In the ten years following Roosevelt’s first investigations, countless incidents of “slavery and involuntary servitude” were exposed across the south.  Many white people were indicted.  Most were found not guilty by all white juries.  Several of the blacks who gave witness to their slavery and torture were murdered and lynched.  Not a single white person was punished for these deaths.  Southern state governors and legislatures resisted the courts at every step.  Only the dogged determination of federal prosecutors challenged the status quo.  Gradually, through one case after another, the underpinnings of contract slavery were slowly dismantled.  By 1912, the practice of contracting black “criminals” to farms, mines and factories was reluctantly abandoned across the south.

This is not to suggest the criminalization of being black ended in America.  Nor does this mean that black prisoners were not used by the state to do labor.  However, what did end was a system that made the lives of many black people worse than slavery.  No longer could a minor crime be used as justification for a lifetime of slavery and eventual death.

This history is important because we, as white people, need to understand that 1865 was not the low point in the black experience in America.  It can easily be argued that the very worst time to be black in America was in about 1903.  White people often say, “Slavery was so long ago,” without any understanding of when slavery ended.  White people often ask, “When are black people going to let the past be the past?” without any understanding of the horrors of that past.

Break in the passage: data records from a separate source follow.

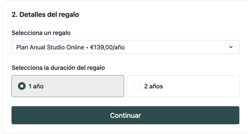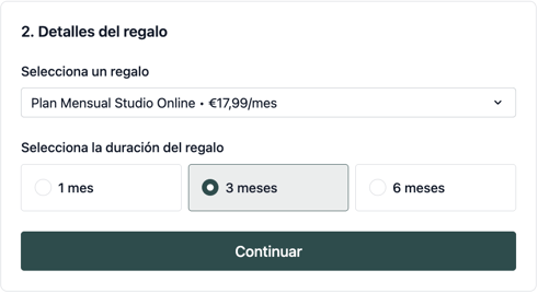 - Selecciona la opción de suscripción desde el menú desplegable. En caso de elegir el plan mensual, elige la cantidad de meses (1, 3 ó 6). En caso de seleccionar la membresía anual puedes regalar 1 ó 2 años: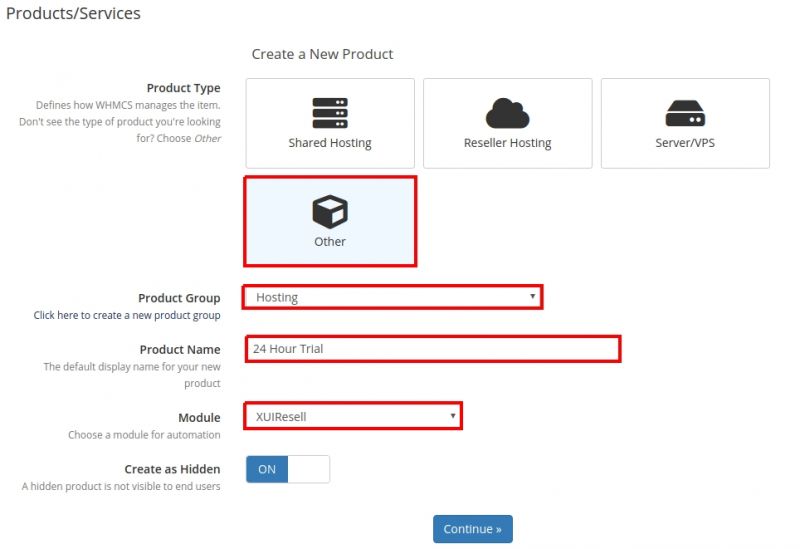 12. Fill in the above information. Make sure you select "XUIResell" as the module. Click Continue.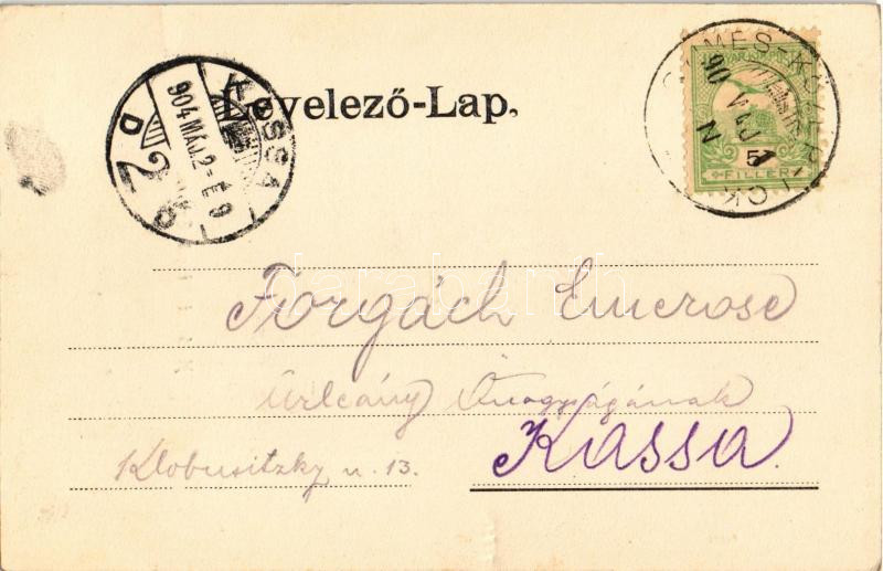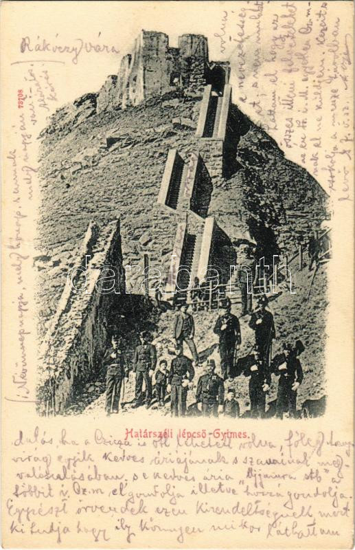 1904 Gyimesbükk, Ghimes-Faget (Gyimes, Ghimes); Határszéli lépcsők és a Rákóczi vár, csendőrök. Szvoboda József kiadása / stairs by the border, castle ruins, gendarmes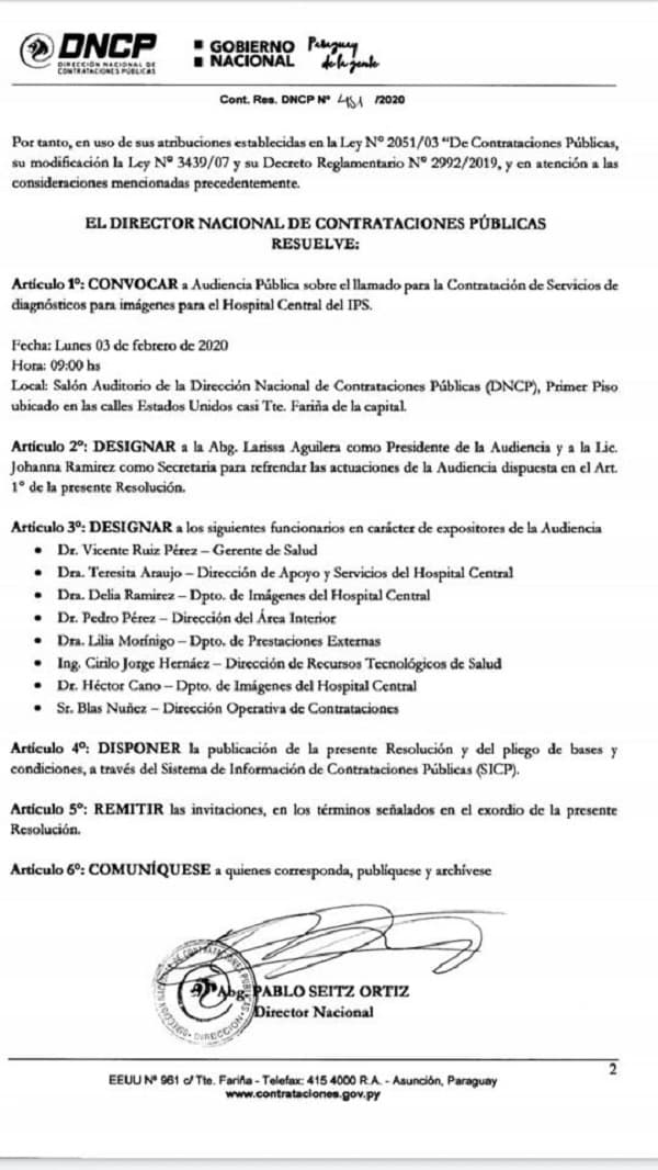 La convocatoria es para el lunes 3 de febrero a las 09:00 en el salón auditorio de la Dirección Nacionbakl de Contrataciones Públicas ubicado en las calles Estados Unidos y Teniente Fariña.

One of my deepest shocks in reading Blackmon’s book was how many names of famous families, companies and politicians I recognized.  The cream of southern white culture was intricately involved in the system of industrial slavery.  These family names adorn southern cities and streets.  These companies remain southern mainstays.  There are statues honoring many of these politicians across the south.

This white complicity in horror is what makes it so difficult for us to move on as a nation when it comes to issues of racism.  We cannot, as a nation, both regret and celebrate the horrors of our past.  We, as white people, must choose our heroes.  Will they be those who resisted the emancipation and civil rights of people of color at every step or those who fought for them?

We who are white should not expect the black citizens of this country to forget the past until the white citizens of this country are finally ready to honestly acknowledge that past.


7 thoughts on “Worse Than Slavery

  1. thank you, as always, thank you ❤

    you mention several books you’ve been reading…. wondering if you would ever consider a page on the site for a “reading list”

    anyway, thank you!


  2. Your work is always eye opening. There is so much that we weren’t taught in school. Its always watered down and lessened, but your raw information is much appreciated. Thank you for your teachings.